* MATERIAL PROVIDED
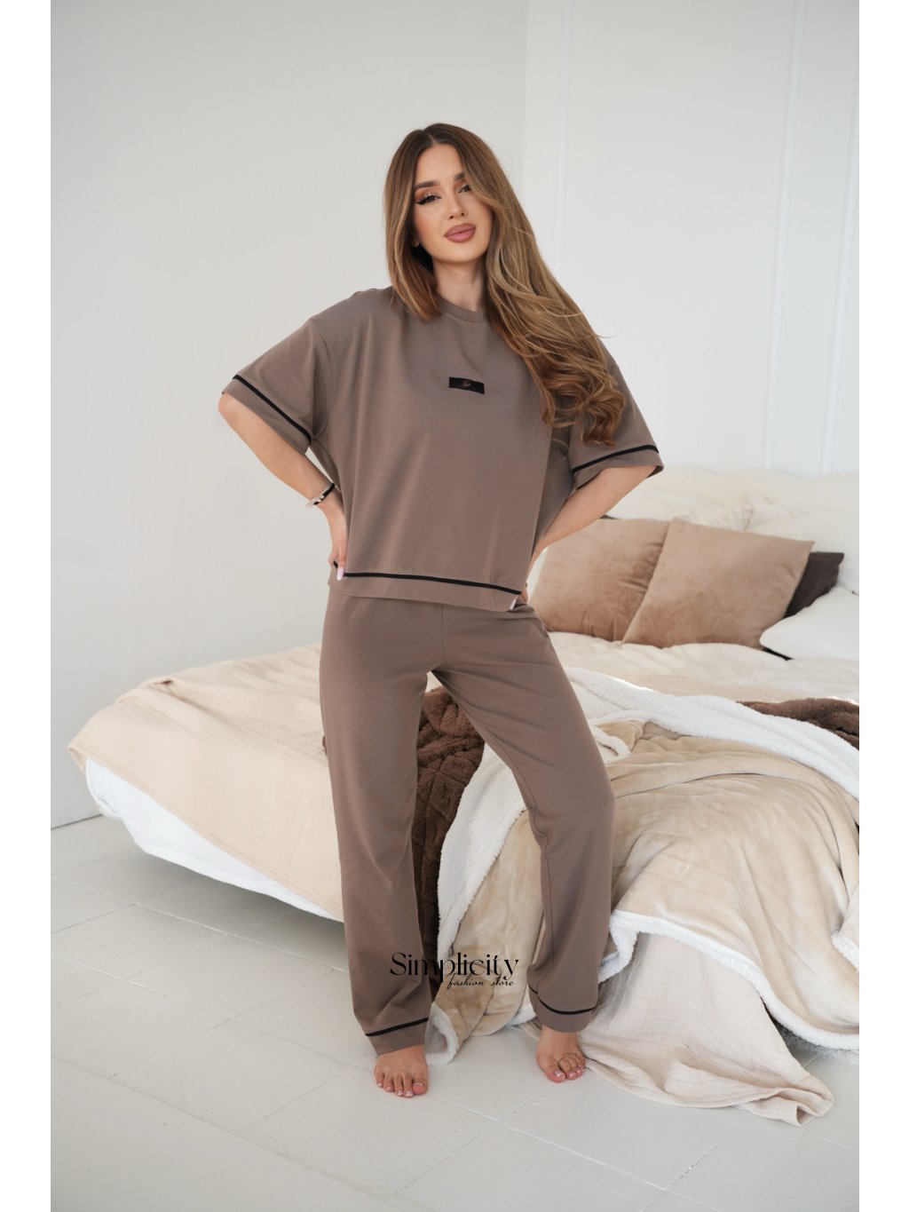 Dámske dvojdielne pyžamo z vysoko kvalitnej bavlny s elastanom. Oversized tričko s krátkym rukávom. Dlhé, rovné nohavice. Súprava je zakončená čiernym lemovaním a malou štítkom s logom BG Brandenburg Couture.
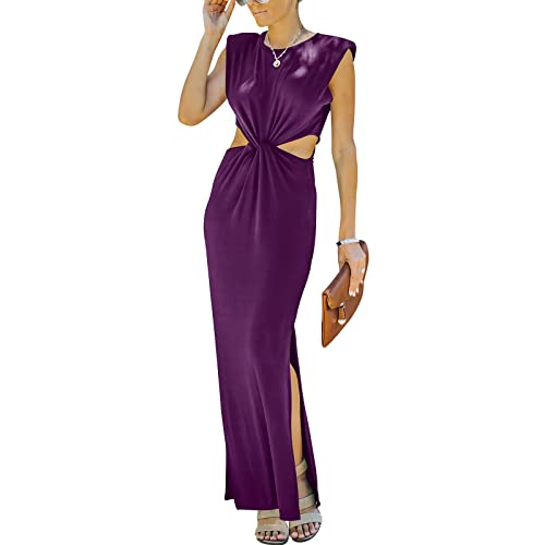 Yassiglia Vestito Donna Elegante Abito Lungo da Donna Senza Maniche Patchwork Spalla Pads Piegheggiato Cut out Vita Gonna di Un Pezzo per la Femmina (Viola, S)
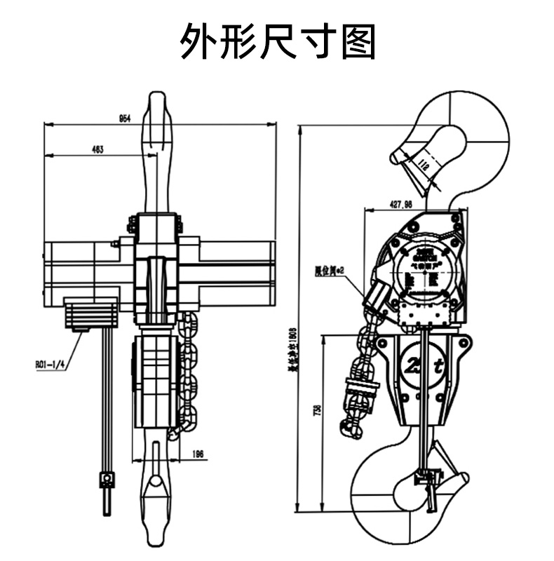 ● 断气保护,气源突然中断时,重载不会突然掉落而是悬挂停住,重载保护。
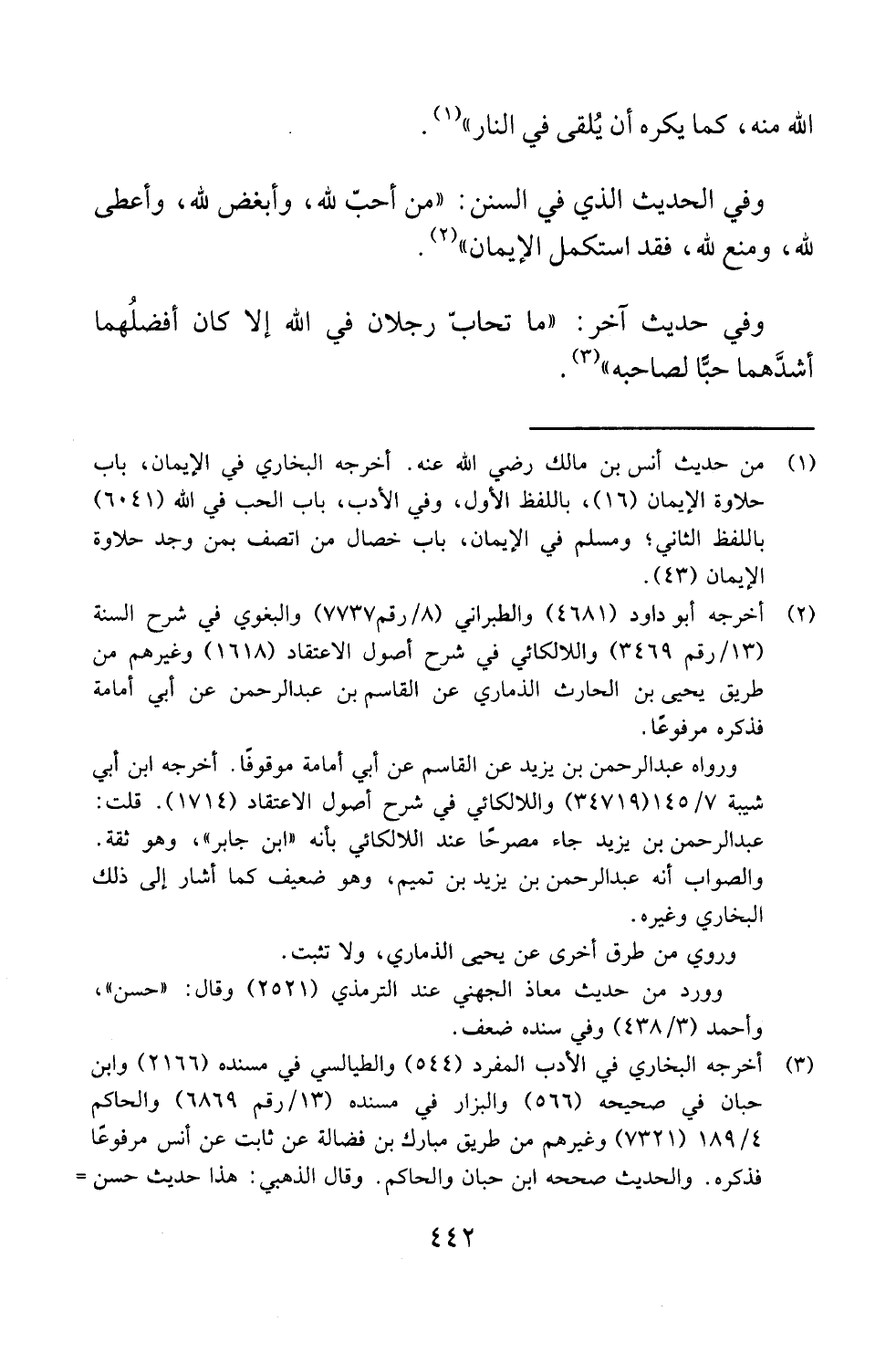 وفي الحديث الذي في السنن: "من أحبّ لله، وأبغض لله، وأعطى لله، ومنع لله، فقد استكمل الإيمان" (¬2).
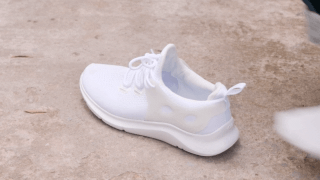 再来看看透气性。气体能轻松穿透网眼,足以见得它的透气程度,夏天穿它跑跳也不怕出汗闷脚脚臭。
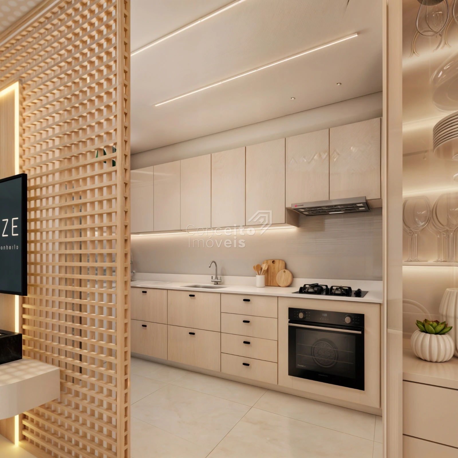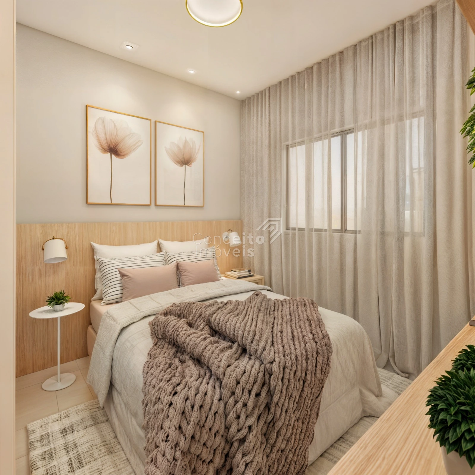 Configuração interna 2 dormitórios (sendo 1 suíte), banheiro social, living integrado (estar + jantar), cozinha, sacada/varanda (em algumas unidades), churrasqueira privativa, 1 vaga de garagem.
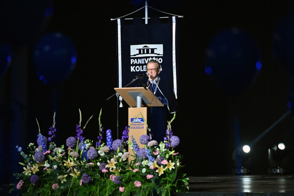 „Šiandien ypatinga diena – diplomų įteikimo šventė, kai pagerbiame jus, absolventus, už jūsų pastangas ir pasiekimus. Dėkojame dėstytojams ir socialiniams partneriams už bendrą darbą, kurio dėka į gyvenimą išleidžiame 279 diplomuotus specialistus, tarp jų – ir būrį sėkmingai studijas baigusių užsieniečių.
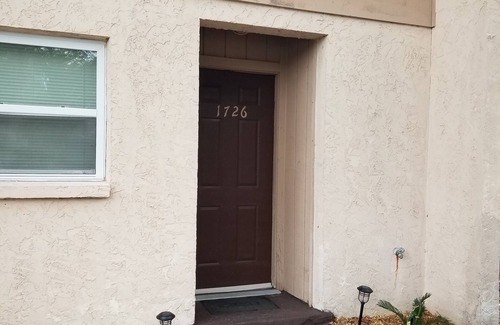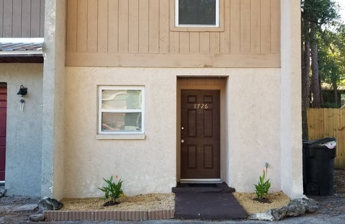 Fully equipped & well-stocked 987 sq. ft 2 BR/1.5 BA townhouse. Free parking at door, Smart TVs in all rooms, WiFi, laundry room with washer/dryer, 2 queen beds, pest control, fully-equipped kitchen with all you'll need and more including coffee keurig, microwave and full-sized appliances and air fryer. Sleep comfortably in bedrooms with queen beds, dressers, desk & ergonomic chair, and wall mounted smart TVs. Unit sleeps up to six people however the 3rd bed is a luxury king air mattress for use downstairs. Laminate wood flooring & tiled throughout except carpeted staircase. We are pet friendly (3 pet max - dogs & cats only) with minimal $ per pet, per entire stay fee. No smoking or vaping indside. No house parties. Home has many extras including board games, books and a privacy fenced back yard with charcoal grill, picnic table, firepit & lawn chairs. House has central air and heat (guest controls), laundry room with washer and dryer and is protected by Florida Pest Control. Central and conveniently located near I-75, a less than a 15 minute drive to UF Ben Hill Griffin Stadium, Exactech Arena, Celebration Pointe, Alachua County Sporting Complex, all 3 hospitals, shopping & more. The diverse, active community, is reflective of everything Gainesville embodies (students, families & working professionals, home bodies). Friendly neighbors who may mill around in their yards, play a little music from time to time, but no safety concerns. The only downside is the lack of curb appeal. Unit has a basic look and older townhome design (nothing fancy - no curb appeal); and neighborhood is not well kept (nothing we can control). The exterior can fool you as the real reward is what's inside. We look forward to hosting you! Be prepared to email or text a copy of the primary guest's photo ID when booking. Primary guest should also be present at check-in. Video and audio enabled cameras are located on exterior only to monitor both entrances and to assist with the self check-in process.
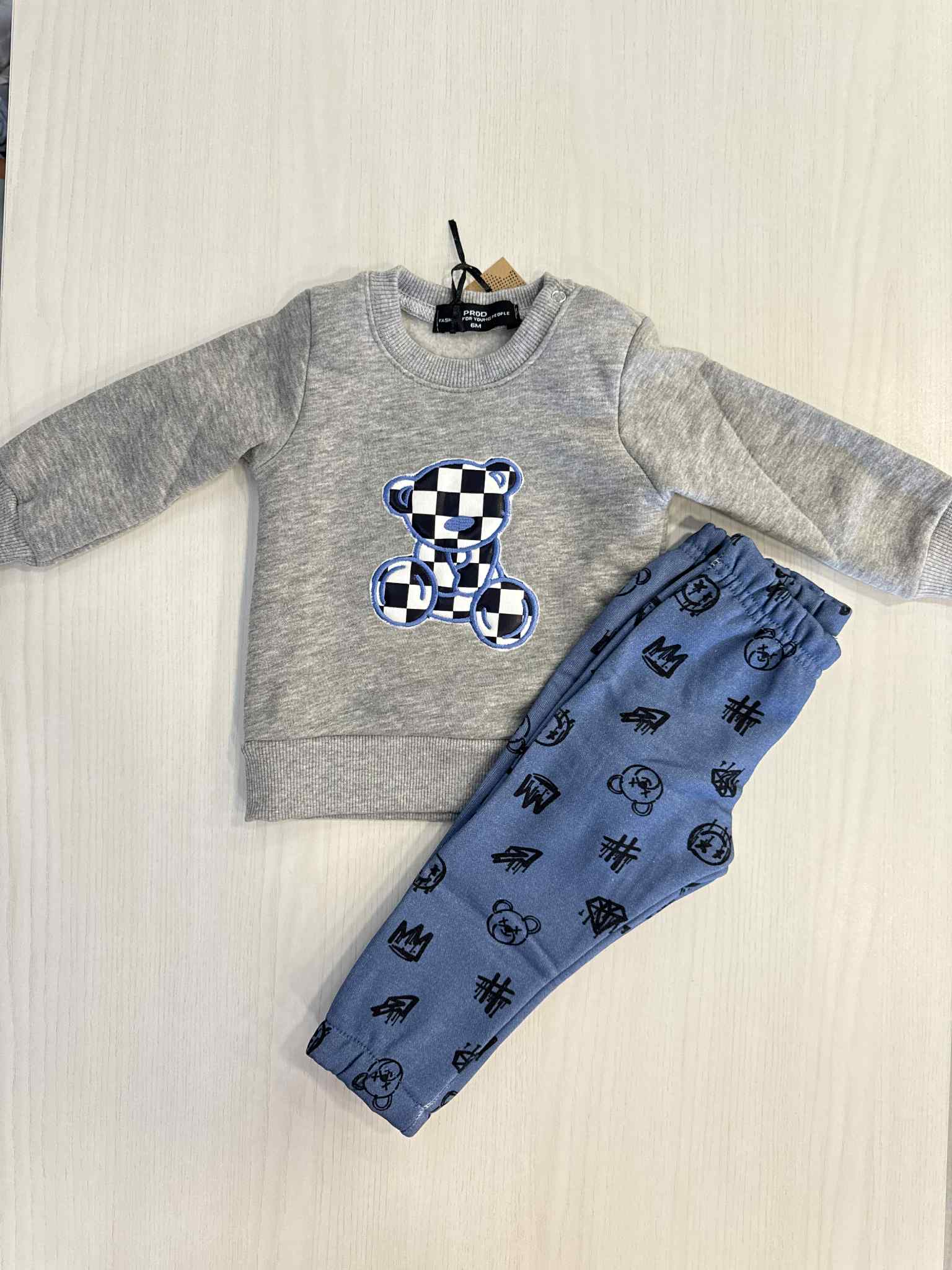 Prod Σετ 2 Τμχ. Βρεφική Velour Φόρμα Bear Γκρι
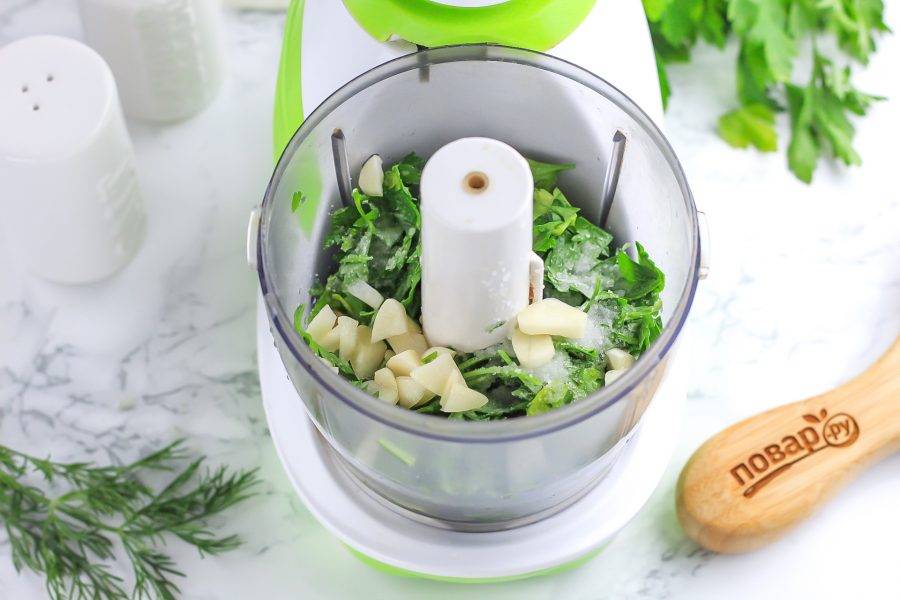Очистите зубчики чеснока от шелухи и промойте вместе с кинзой либо петрушкой. Выложите в чашу измельчителя. Добавьте лимонный сок и растительное масло, соль и молотый черный перец. По желанию можно добавить щепотку красного острого перца. Измельчите все 3-4 минуты, получая сочный соус.
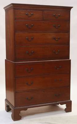 the projected moulded cornice over two short over six graduated long drawers raised on bracket feet
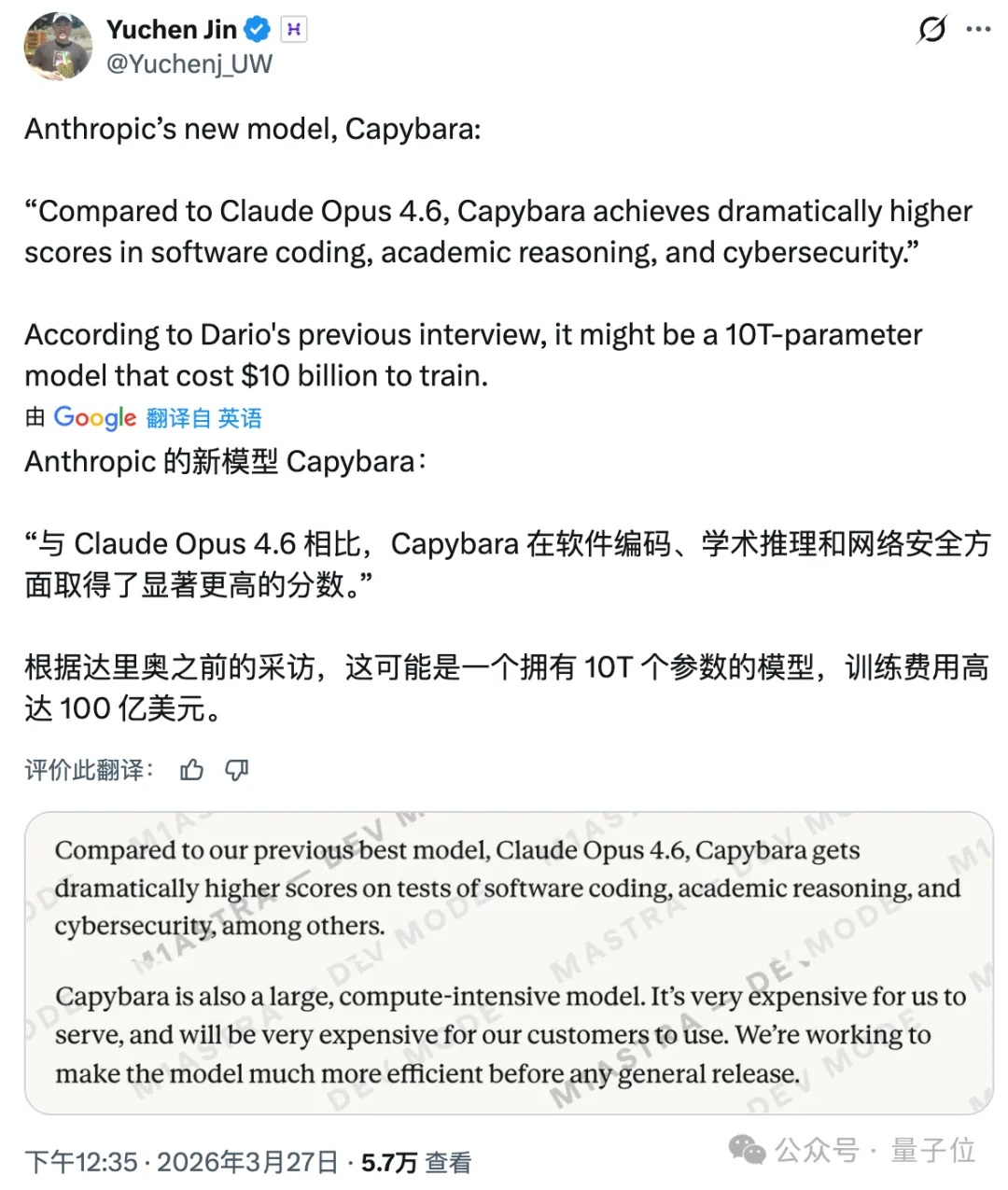 除了已发布模型的模型外,前几天Anthropic团队因权限配置失误,把自家未发布模型泄露了。
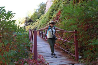 Once parked, we evaluated the available hiking trails and walked through the initial park grounds, taking in the beauty of sprawling vines, deciduous trees, rose bushes and flowers. Not only was I captivated by the gardens, themselves, I was also amazed at the number of amenities the park had available. From a small spring-fed wading pool to volleyball courts, horseshoe pits and a playground, not to mention the ample picnic areas and impressive grilling arrangements.
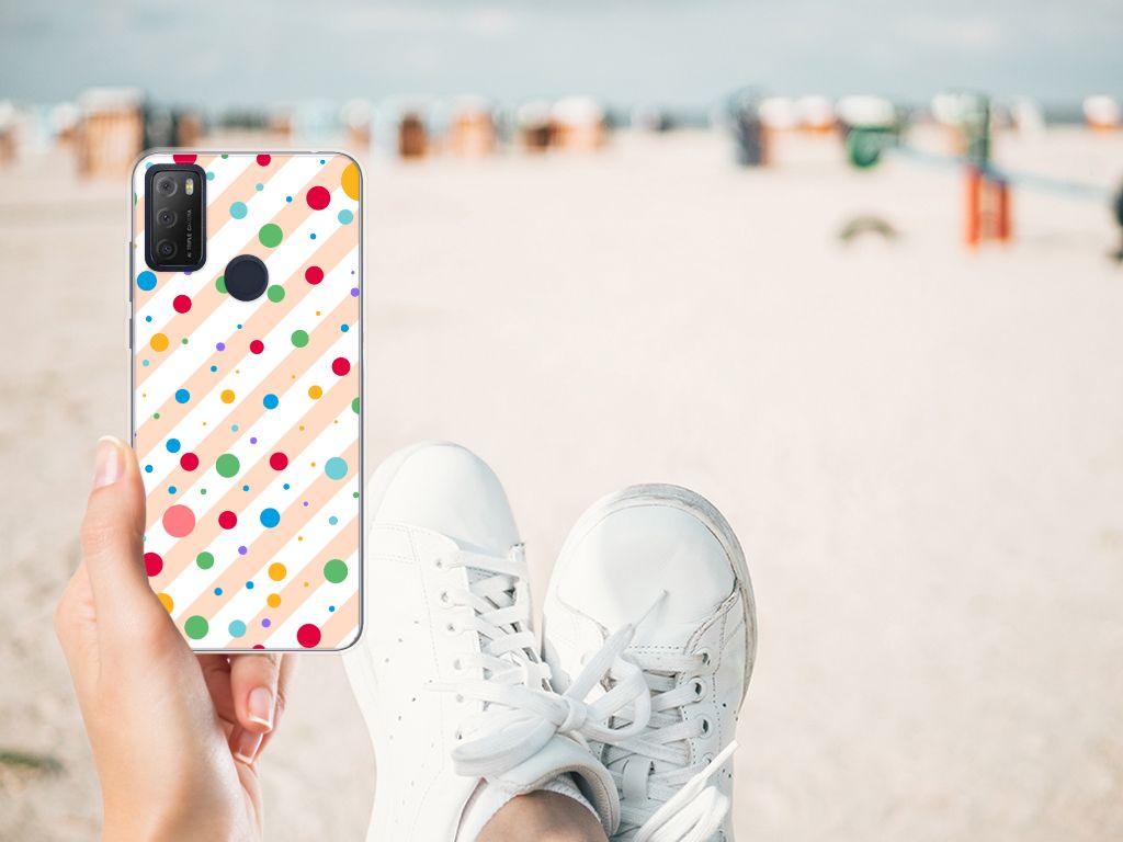 Een Alcatel 1S (2021) TPU bumper met verschillende kleuren stippen is een schitterende bescherming van jouw smartphone. De tpu case met het design Dots in alle kleuren van de regenboog komt voor jou als geroepen. Maak je geen gebruik van dit zeer mooie hoesje, dan kan het met jouw smartphone een beetje beroerd aflopen. Deze mooie tpu case met verschillende soorten klompen in verschillende kleuren is zo’n beetje de meest flexibele case die er bestaat. Het hoesje met stippen zorgt voor een goede bescherming van je smartphone, vooral aan de achterzijde en zijkanten. Met een tpu hoesje met stippen in verschillende kleuren blijft jouw gsm volledig in tact. Heb je liever een tpu case met stippen in andere opvallende kleuren? Ontwerp dan zelf een tpu case met je eigen foto’s en teksten! De case wordt aan de achterzijde bedrukt met klompen, de zijkanten blijven doorzichtig.

* WORK REQUIRED
Out of the records above, return only the lines from the one with "Очистите зубчики чеснока" through the one with "Once parked, we", exactly, and none of the pictures.

* WRITTEN ANSWER
Очистите зубчики чеснока от шелухи и промойте вместе с кинзой либо петрушкой. Выложите в чашу измельчителя. Добавьте лимонный сок и растительное масло, соль и молотый черный перец. По желанию можно добавить щепотку красного острого перца. Измельчите все 3-4 минуты, получая сочный соус.
 the projected moulded cornice over two short over six graduated long drawers raised on bracket feet
 除了已发布模型的模型外,前几天Anthropic团队因权限配置失误,把自家未发布模型泄露了。
 Once parked, we evaluated the available hiking trails and walked through the initial park grounds, taking in the beauty of sprawling vines, deciduous trees, rose bushes and flowers. Not only was I captivated by the gardens, themselves, I was also amazed at the number of amenities the park had available. From a small spring-fed wading pool to volleyball courts, horseshoe pits and a playground, not to mention the ample picnic areas and impressive grilling arrangements.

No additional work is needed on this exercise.